### WHAT TO PRODUCE
Would you return every entry below exactly as written, without its images?

### GIVEN RECORDS
==============================

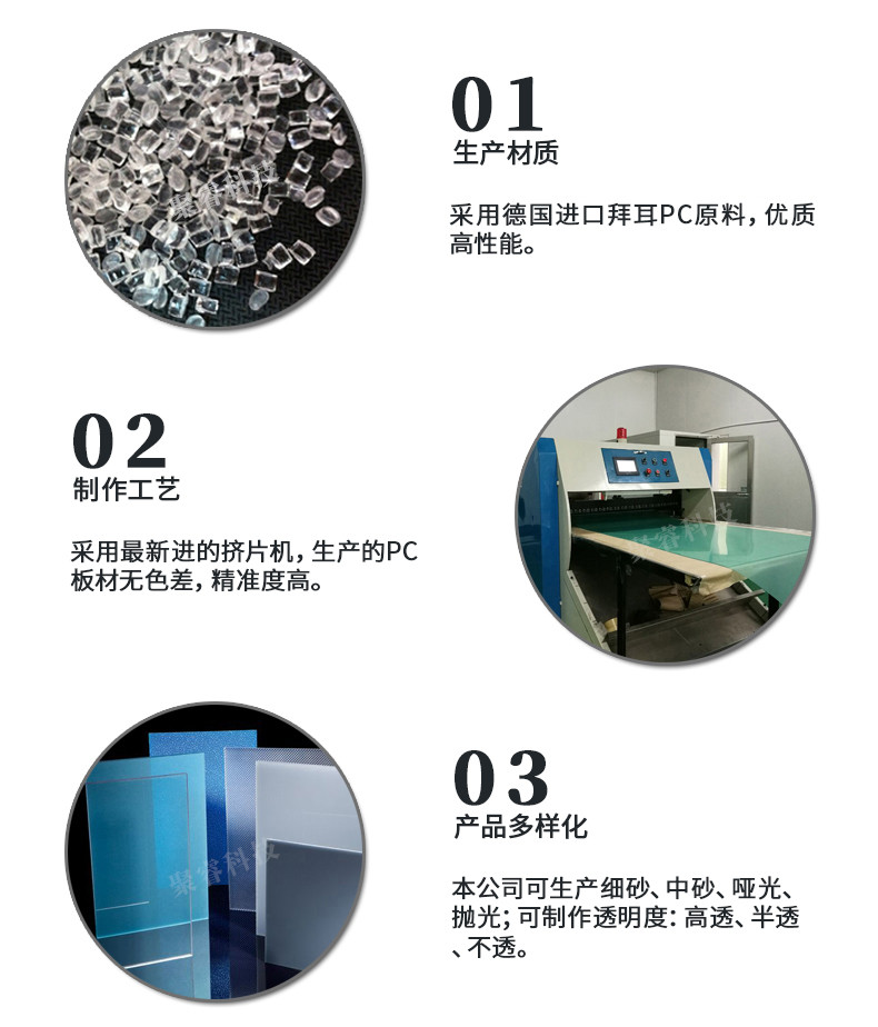 | 聚碳酸酯PC板材系列: 通用系列陽光板、大型建筑采光系列陽光板、幕墻系列中空板、燈具專用PC擴(kuò)散板系列 、航空高鐵專用PC板系列、PC隔音降噪專用板系列、光學(xué)級(jí)PC薄片、銘板印刷級(jí)PC薄片、V0級(jí)阻燃PC薄片、無鹵阻燃PC薄片 、絕緣PC薄片 。 | |
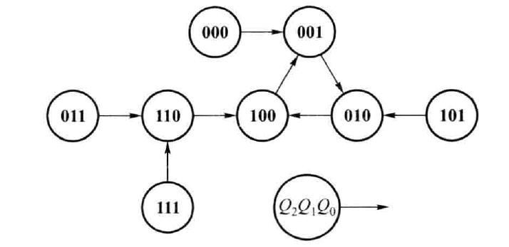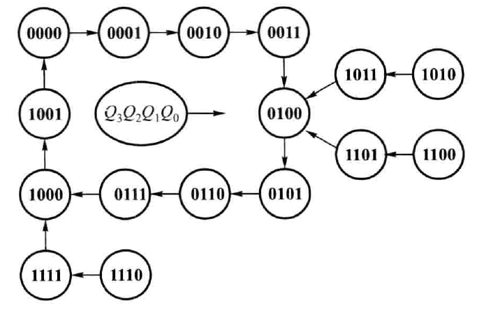 该电路有6个无效状态:1010、1011、1100、1101、1110和1111,分别以它们作为现态,带入电路的转换方程组而求其次态。如果还没有进入有效状态,再以新的状态作为现态求下一个次态,以此类推,看最终能否进入有效状态。结果证明,这6个状态在一或两个时钟周期后全部都能进入有效循环状态。
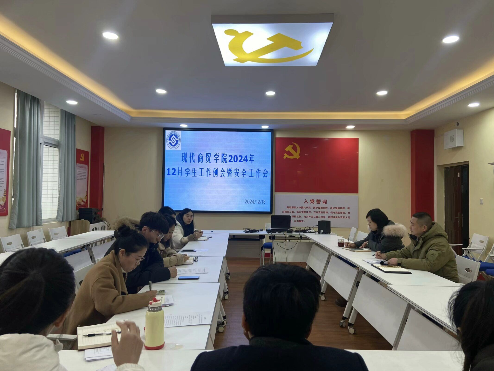 【文/图 蒋杨】2024年12月18日下午,现代商贸学院在1301召开12月学生工作例会,现代商贸学院党总支书记、院长李春红,党总支副书记徐鸥,学团办主任谢颖,全体辅导员及学工干事蒋杨参会。
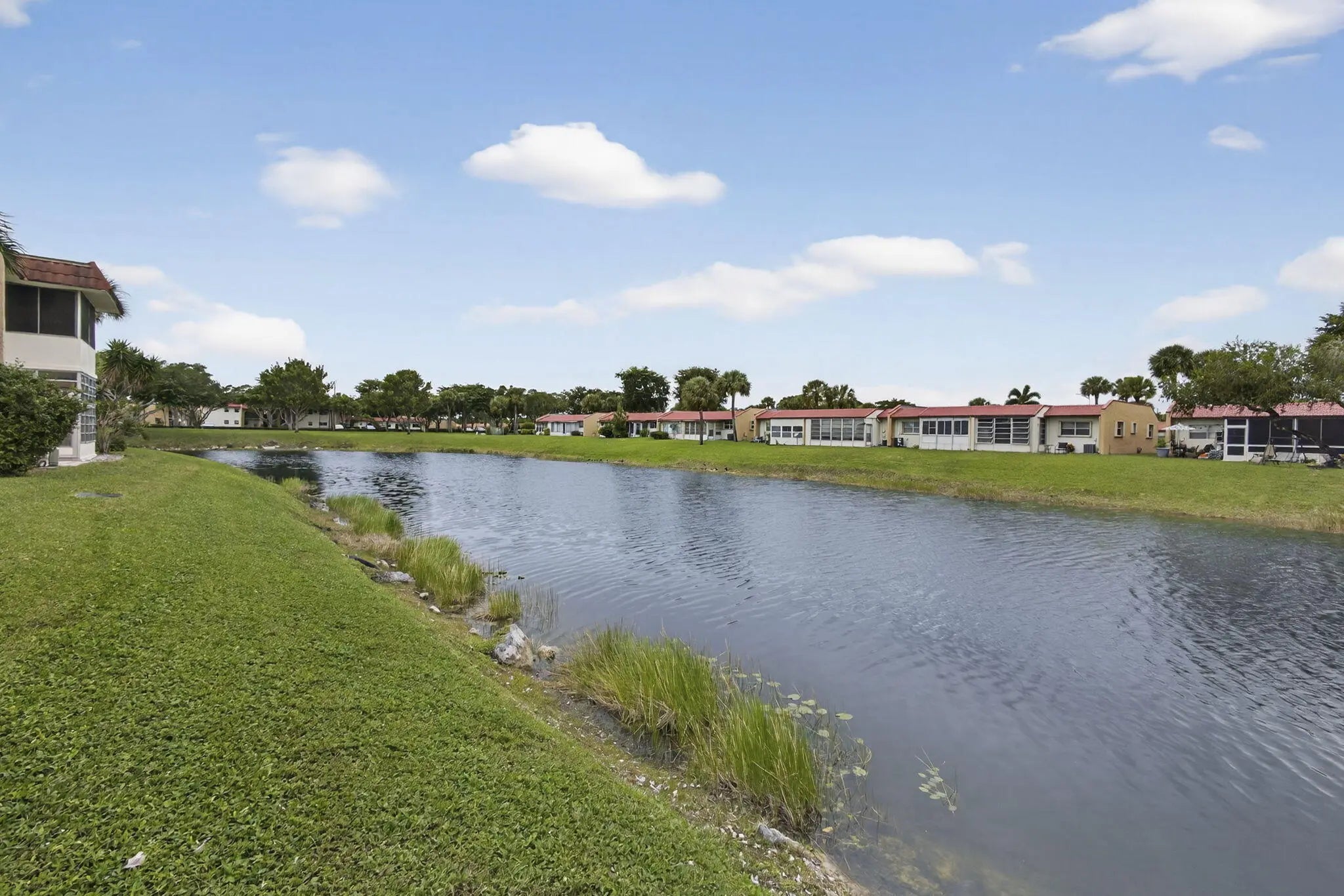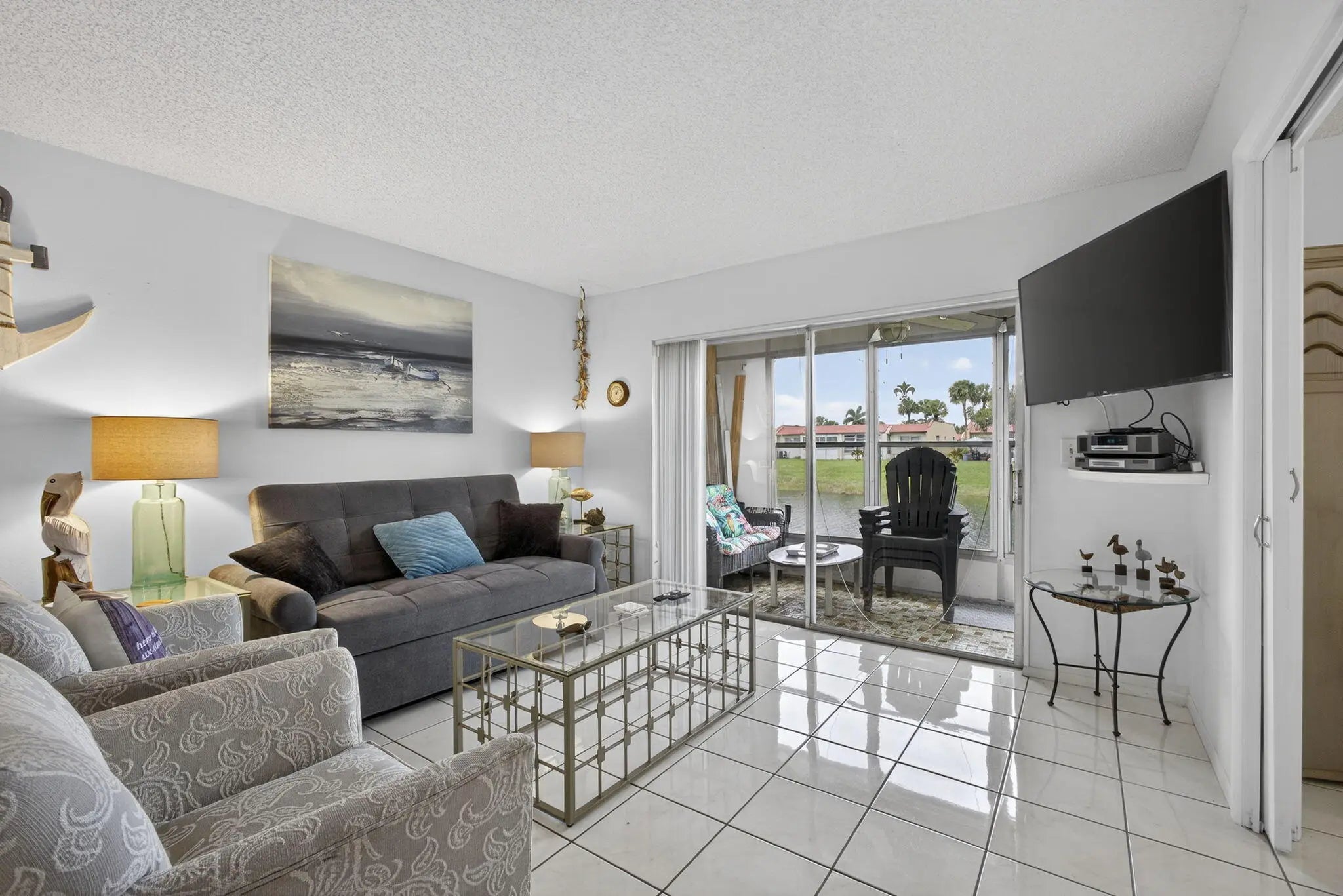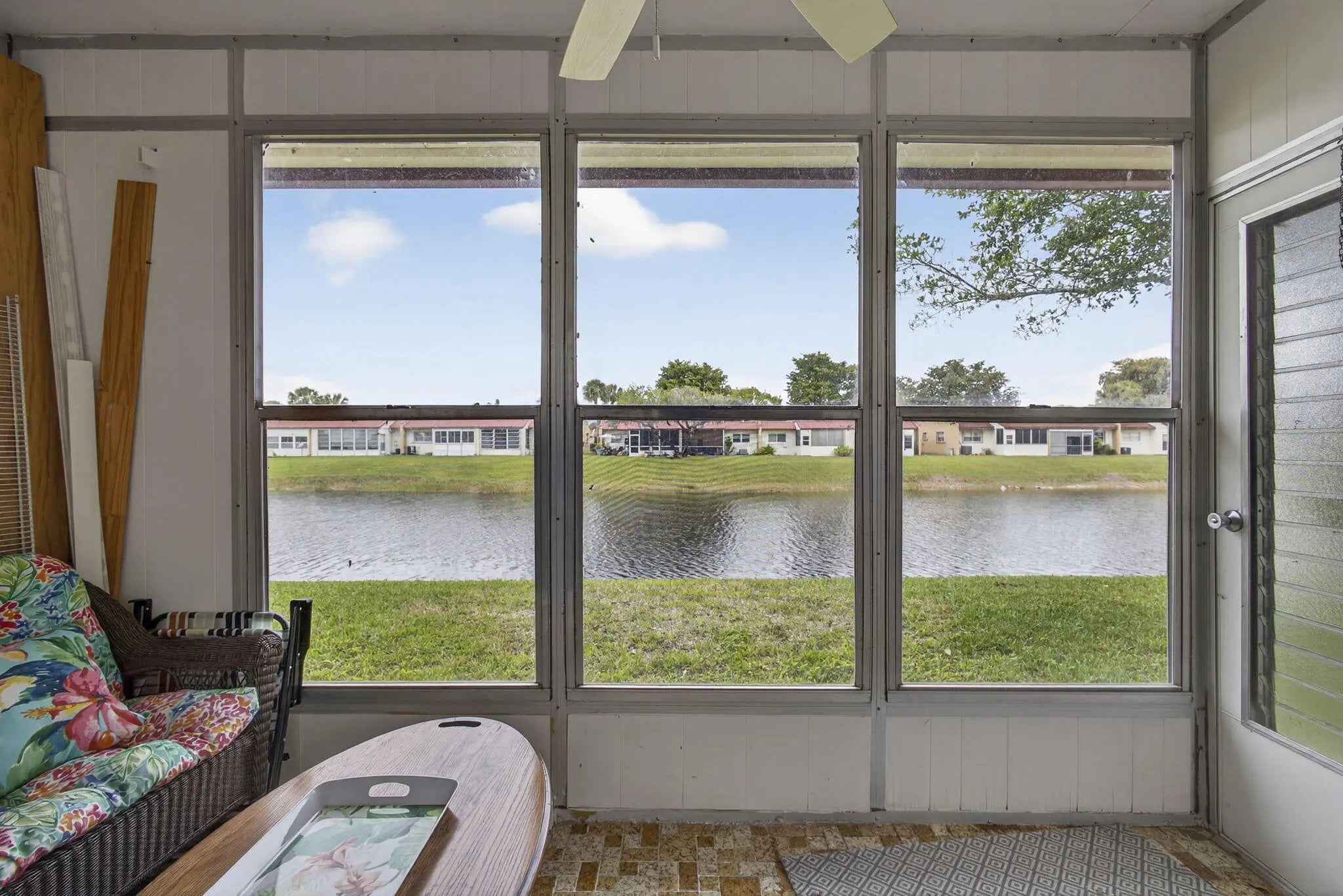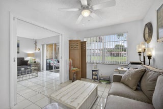 Welcome to Golden Lakes Village, a desirable 55+ active community in West Palm Beach. This is the only 3-bedroom residence currently available in the community, offering 2 full bathrooms and serene lake views. The updated kitchen features white shaker cabinets, tile backsplash, new countertops, and sleek black appliances. Both bathrooms have been tastefully updated with tile showers, and the guest bath includes a new vanity. The versatile third bedroom can be used as a den or home office and overlooks the water. Enjoy peace of mind with an AC replaced in 2022 and unwind on the covered patio with tranquil lake views. Golden Lakes offers a clubhouse, pool, fitness center, on-site management, social events, and more. Schedule your private tour today!
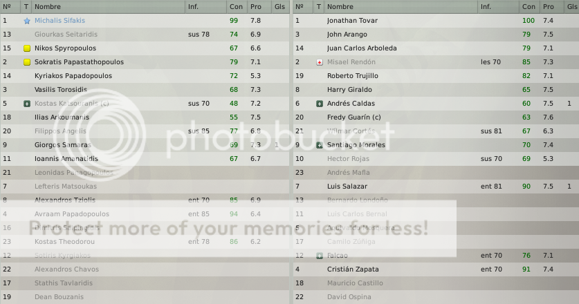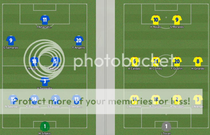 A los cafeteros no les salía el gol del empate y Grecia se prestaba muy atento para las contras que podían generar, pero Eduardo Lara mandó a la cancha a Falcao, Cristian Zapata y Luis Salazar, en ellos encontró lo que buscaba (seguridad defensiva con Zapata, y con Falcao y Salazar el volumen ofensivo), justamente coincidió con la subida de rendimiento del equipo colombiano. A los 86 minutos un desborde perfecto de John Arango que es conectado de manera perfecta por el recien ingresado Salazar (5 minutos en cancha).
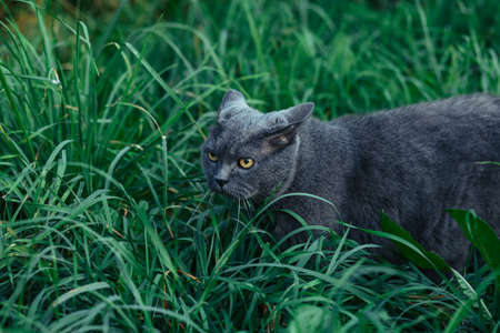 British adult cat presses ears and sneaks in the grass
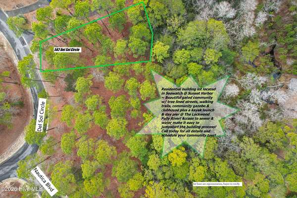 From Sunset Harbor Road make a left into the community on Nautical Blvd, follow approximately 1.5 miles to Del Sol Circle on the right, turn onto Del Sol, lot is on the right , 588 Del Sol Circle is the closest physical address lot is next to home approximately 45-50 from it
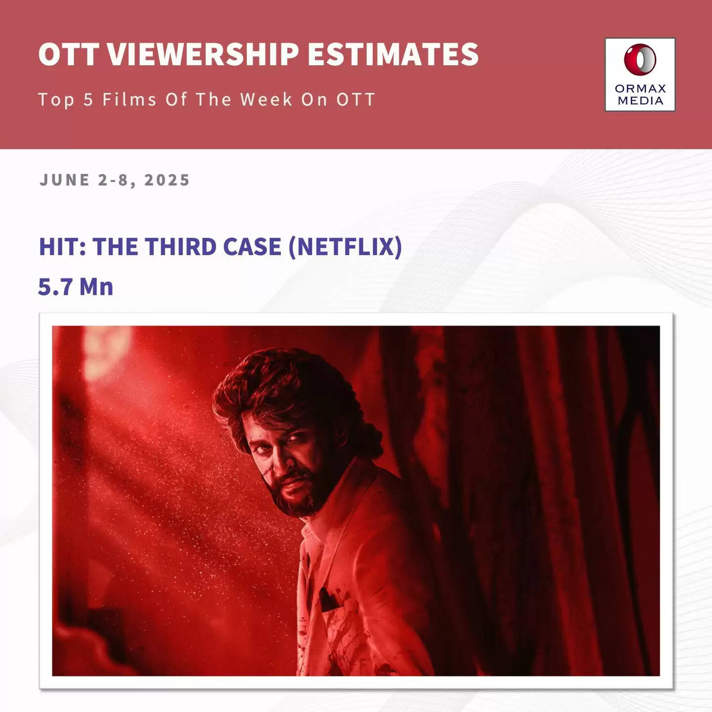 नेटफ्लिक्स पर स्ट्रीम हो रही फिल्म 'हिट 3: द थर्ड केस' साउथ अभिनेता नानी की है। इस फिल्म में केजीएफ फेम एक्ट्रेस श्रीनिधि शेट्टी मुख्य भूमिका में हैं। यह एक्शन-थ्रिलर मूवी 1 मई को सिनेमाघरों में रिलीज हुई थी और अब ओटीटी पर भी दर्शकों का दिल जीत रही है। इस हफ्ते इसे 5.7 मिलियन व्यूज मिले हैं, जिससे यह नंबर 1 पर बनी हुई है।

==============================

### ANSWER SPACE
 | 聚碳酸酯PC板材系列: 通用系列陽光板、大型建筑采光系列陽光板、幕墻系列中空板、燈具專用PC擴(kuò)散板系列 、航空高鐵專用PC板系列、PC隔音降噪專用板系列、光學(xué)級(jí)PC薄片、銘板印刷級(jí)PC薄片、V0級(jí)阻燃PC薄片、無鹵阻燃PC薄片 、絕緣PC薄片 。 | |
 该电路有6个无效状态:1010、1011、1100、1101、1110和1111,分别以它们作为现态,带入电路的转换方程组而求其次态。如果还没有进入有效状态,再以新的状态作为现态求下一个次态,以此类推,看最终能否进入有效状态。结果证明,这6个状态在一或两个时钟周期后全部都能进入有效循环状态。
 【文/图 蒋杨】2024年12月18日下午,现代商贸学院在1301召开12月学生工作例会,现代商贸学院党总支书记、院长李春红,党总支副书记徐鸥,学团办主任谢颖,全体辅导员及学工干事蒋杨参会。
 Welcome to Golden Lakes Village, a desirable 55+ active community in West Palm Beach. This is the only 3-bedroom residence currently available in the community, offering 2 full bathrooms and serene lake views. The updated kitchen features white shaker cabinets, tile backsplash, new countertops, and sleek black appliances. Both bathrooms have been tastefully updated with tile showers, and the guest bath includes a new vanity. The versatile third bedroom can be used as a den or home office and overlooks the water. Enjoy peace of mind with an AC replaced in 2022 and unwind on the covered patio with tranquil lake views. Golden Lakes offers a clubhouse, pool, fitness center, on-site management, social events, and more. Schedule your private tour today!
 A los cafeteros no les salía el gol del empate y Grecia se prestaba muy atento para las contras que podían generar, pero Eduardo Lara mandó a la cancha a Falcao, Cristian Zapata y Luis Salazar, en ellos encontró lo que buscaba (seguridad defensiva con Zapata, y con Falcao y Salazar el volumen ofensivo), justamente coincidió con la subida de rendimiento del equipo colombiano. A los 86 minutos un desborde perfecto de John Arango que es conectado de manera perfecta por el recien ingresado Salazar (5 minutos en cancha).
 British adult cat presses ears and sneaks in the grass
 From Sunset Harbor Road make a left into the community on Nautical Blvd, follow approximately 1.5 miles to Del Sol Circle on the right, turn onto Del Sol, lot is on the right , 588 Del Sol Circle is the closest physical address lot is next to home approximately 45-50 from it
 नेटफ्लिक्स पर स्ट्रीम हो रही फिल्म 'हिट 3: द थर्ड केस' साउथ अभिनेता नानी की है। इस फिल्म में केजीएफ फेम एक्ट्रेस श्रीनिधि शेट्टी मुख्य भूमिका में हैं। यह एक्शन-थ्रिलर मूवी 1 मई को सिनेमाघरों में रिलीज हुई थी और अब ओटीटी पर भी दर्शकों का दिल जीत रही है। इस हफ्ते इसे 5.7 मिलियन व्यूज मिले हैं, जिससे यह नंबर 1 पर बनी हुई है।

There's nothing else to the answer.